Да, лучше о таком не распространяться. Далинар был искренен, когда сказал Адолину, что его не заботят пересуды. Но если слухи мешают защищать Элокара, значит они опасны. Следовало соблюдать осторожность.
Он развернул лошадь и направил ее на мост, а потом в знак благодарности кивнул мостовикам. В войске они занимали самое низкое положение, но при этом носили королей на своих плечах.
16
Коконы
Семь с половиной лет назад
– Он хочет послать меня в Харбрант, – сказал Кэл, сидя на высоком камне. – Чтобы я там выучился на лекаря.
– Серьезно? – Лараль прохаживалась по валуну прямо перед ним.
Она балансировала, раскинув руки, и ветер играл ее черны ми распущенными волосами, в которых блистали золотые прядки.
Необычные волосы. Но разумеется, еще более необычными были ее глаза – бледно-зеленые, яркие. Совсем не такие, как карие и черные глаза горожан. Все-таки светлоглазые сильно отличаются от простолюдинов.
– Да, серьезно. – Кэл тяжело вздохнул. – Он об этом говорит вот уже пару лет.
– И ты мне не сказал?
Кэл пожал плечами. Они с Лараль устроились на вершине груды валунов на востоке от Пода. Тьен, его младший брат, перебирал камни у подножия. Справа от Кэла, к западу, виднелся ряд невысоких холмов. По склонам протянулись лависовые поля с наполовину созревшими полипами.
Он чувствовал странную печаль, когда глядел на эти склоны со множеством погруженных в работу крестьян. Темно-коричневые полипы, вырастая, превращались в дыни, заполненные зерном. Подсушенное, это зерно кормило целый город и войска их великого князя. Ревнители, что посещали их края, старательно объясняли: Призвание фермера – благородное, одно из высших, не считая Призвания солдата. Отец Кэла бормотал себе под нос, что, по его мнению, больше чести в том, чтобы кормить королевство, чем в том, чтобы сражаться и умирать в бесполезных войнах.
– Кэл? – настойчиво спросила Лараль. – Почему же ты мне не сказал?
– Прости, я сомневался, что отец настроен серьезно. И решил промолчать.
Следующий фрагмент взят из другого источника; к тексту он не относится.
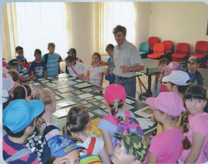
V centre voľného času budú nové krúžky
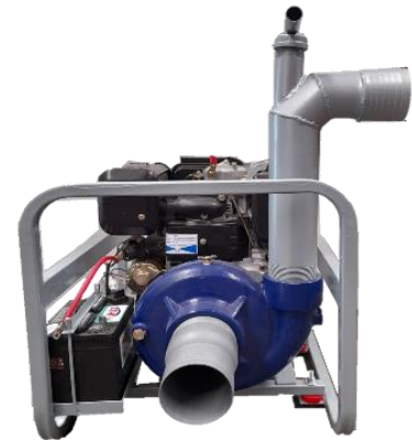
MBOMBA MOD 208

Ensamblada con motor Marr diésel 9 HP (HL186FAE)
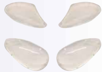
Implantes de malar
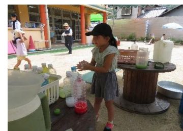
「もうちょっと、せっけんをつけてみよう。おもしろいよ。」

Это была ложь. Он знал, что отец не передумает. Кэл просто не хотел говорить о том, что ему придется уехать и сделаться лекарем, – особенно обсуждать это с Лараль.
Она уперла руки в боки:
– Я думала, ты собираешься стать солдатом.
Кэл пожал плечами.
Девочка закатила глаза и перепрыгнула со своего валуна на тот, где сидел он.
– Ты разве не хочешь стать светлоглазым? Добыть осколочный клинок?
– Отец говорит, такое случается нечасто.
Она присела рядом с ним:
– Уверена, ты мог бы этого добиться.
До чего же у нее яркие глаза, мерцающие зеленым, цветом самой жизни…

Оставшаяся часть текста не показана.